## [What is needed]
In the listing below, the lines starting at the line with "網友紛紛到黃偉哲臉書PO出淹" and ending at the line with "Hier finden Sie" are to be output verbatim. Images stay out of the copy.

## [Material to process]
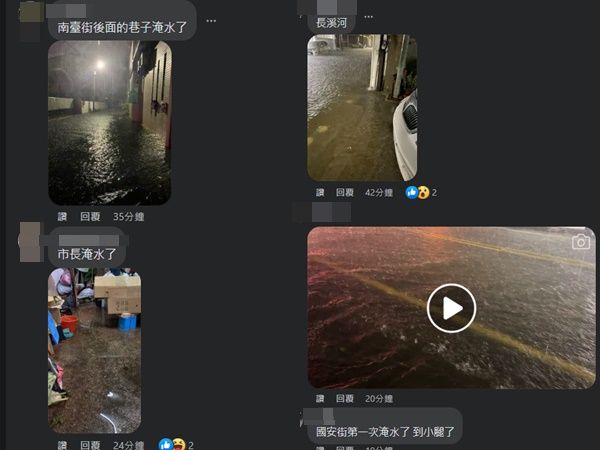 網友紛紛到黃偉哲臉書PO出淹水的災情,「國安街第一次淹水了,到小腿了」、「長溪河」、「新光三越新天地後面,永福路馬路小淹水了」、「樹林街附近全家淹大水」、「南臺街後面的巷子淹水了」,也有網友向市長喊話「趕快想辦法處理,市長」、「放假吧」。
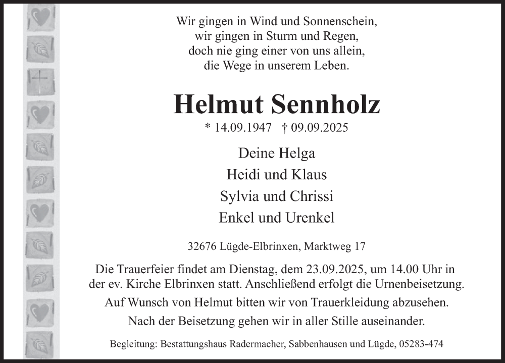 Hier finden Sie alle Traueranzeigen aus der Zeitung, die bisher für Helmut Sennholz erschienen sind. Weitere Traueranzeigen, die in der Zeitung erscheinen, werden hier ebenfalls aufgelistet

* * *

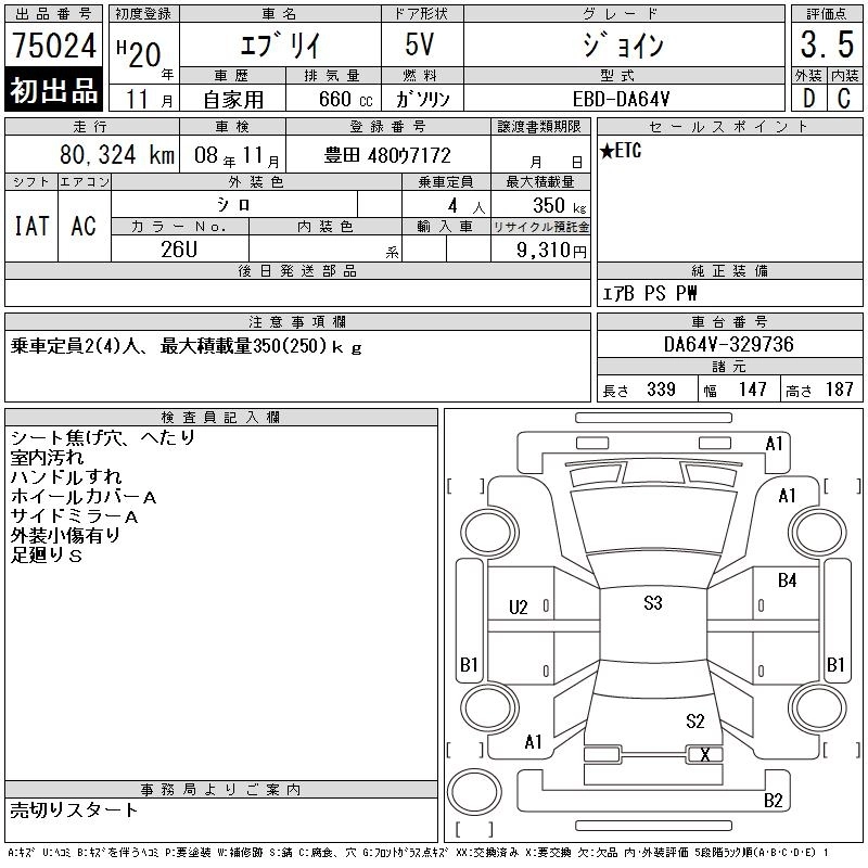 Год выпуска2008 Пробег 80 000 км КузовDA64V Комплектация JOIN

## [Task output]
 網友紛紛到黃偉哲臉書PO出淹水的災情,「國安街第一次淹水了,到小腿了」、「長溪河」、「新光三越新天地後面,永福路馬路小淹水了」、「樹林街附近全家淹大水」、「南臺街後面的巷子淹水了」,也有網友向市長喊話「趕快想辦法處理,市長」、「放假吧」。
 Hier finden Sie alle Traueranzeigen aus der Zeitung, die bisher für Helmut Sennholz erschienen sind. Weitere Traueranzeigen, die in der Zeitung erscheinen, werden hier ebenfalls aufgelistet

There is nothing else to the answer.